**Assignment:** Repeat the records below exactly. Omit the pictures.

___ Data records

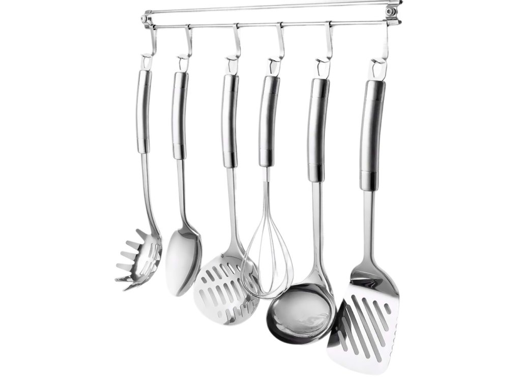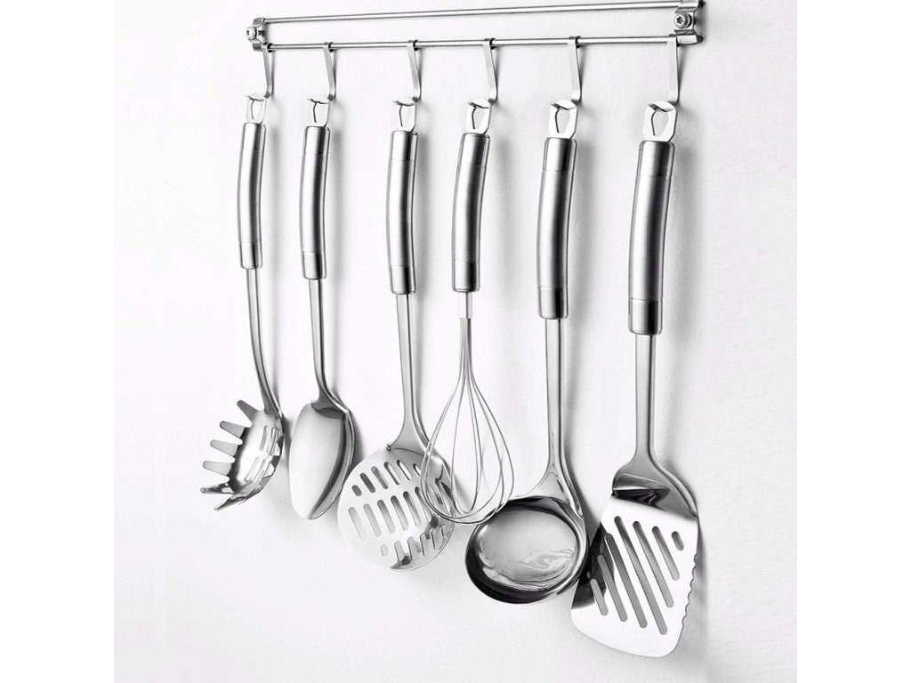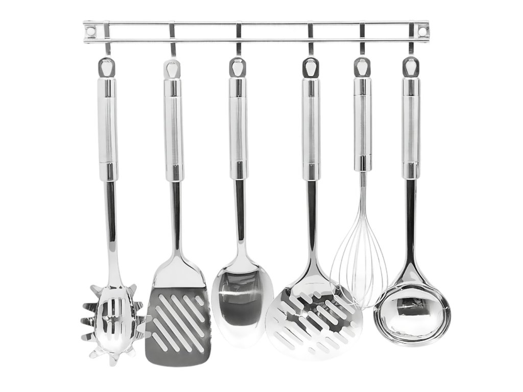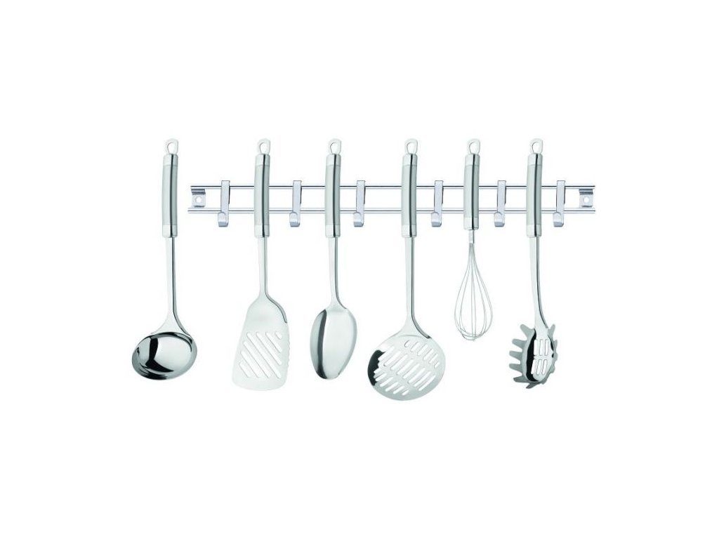 -Materiál: nerezová ocel/chrom/nikl-barva: stříbrná-kombinace matného a leštěného povrchu-sada obsahuje:-naběračka, naběračka na špagety-servírovací lžíce, šlehací metla-pěnovačka, obracečka -délka lišty: 40cmDoplňkové parametry
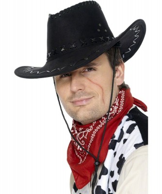 SUEDE LOOK HAT WITH LARGE STITCHING AND NECK CORD
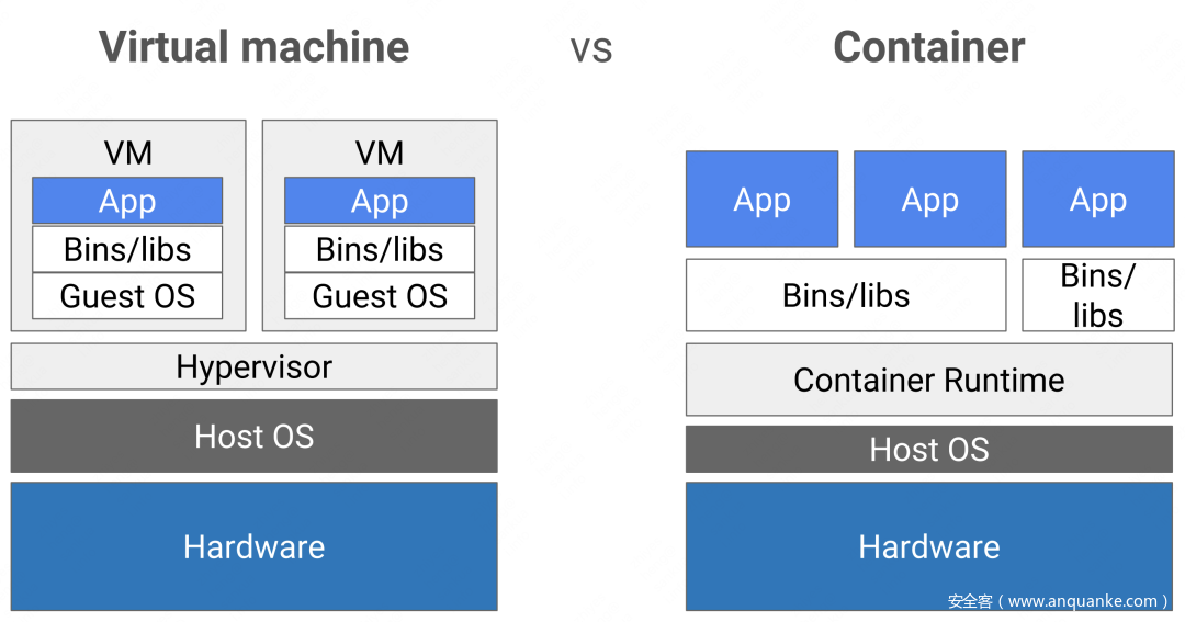 在实现云原生的主要技术中,容器作为支撑应用运行的重要载体,为应用的运行提供了隔离和封装,成为云原生应用的基础设施底座。与虚拟机不同的是,虚拟机模拟了硬件系统,每个虚拟机都运行在独立的 Guest OS 上,而容器之间却共享操作系统内核,并未实现完全的隔离。若虚拟化软件存在缺陷,或宿主机内核被攻击,将会造诸多的安全问题,包括隔离资源失效、容器逃逸等,影响宿主机上的其他容器甚至整个内网环境的安全(下图展示了 VM 和容器在系统架构上的差异)。
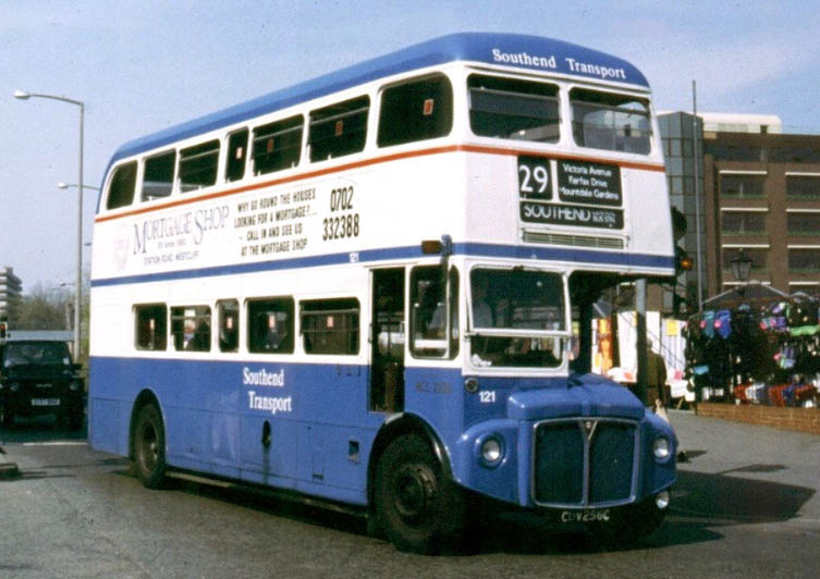 | Former Green Line 1965 AEC Routemaster RCL 2256 seen while in the ownership of Southend Transport as number 121. Following rear end accident damage the RCL was fitted with a standard RM-type open platform. |
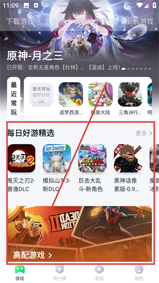 1、在游戏页面点击【高配游戏】入口,就能进入高配游戏合集页面,查看优质的3A游戏内容啦。
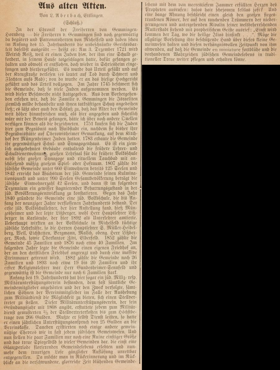 | "Die jüdische Gemeinde in Michelfeld" und "Die Tuchfabrik

______

**Task answer:**
 -Materiál: nerezová ocel/chrom/nikl-barva: stříbrná-kombinace matného a leštěného povrchu-sada obsahuje:-naběračka, naběračka na špagety-servírovací lžíce, šlehací metla-pěnovačka, obracečka -délka lišty: 40cmDoplňkové parametry
 SUEDE LOOK HAT WITH LARGE STITCHING AND NECK CORD
 在实现云原生的主要技术中,容器作为支撑应用运行的重要载体,为应用的运行提供了隔离和封装,成为云原生应用的基础设施底座。与虚拟机不同的是,虚拟机模拟了硬件系统,每个虚拟机都运行在独立的 Guest OS 上,而容器之间却共享操作系统内核,并未实现完全的隔离。若虚拟化软件存在缺陷,或宿主机内核被攻击,将会造诸多的安全问题,包括隔离资源失效、容器逃逸等,影响宿主机上的其他容器甚至整个内网环境的安全(下图展示了 VM 和容器在系统架构上的差异)。
 | Former Green Line 1965 AEC Routemaster RCL 2256 seen while in the ownership of Southend Transport as number 121. Following rear end accident damage the RCL was fitted with a standard RM-type open platform. |
 1、在游戏页面点击【高配游戏】入口,就能进入高配游戏合集页面,查看优质的3A游戏内容啦。
 | "Die jüdische Gemeinde in Michelfeld" und "Die Tuchfabrik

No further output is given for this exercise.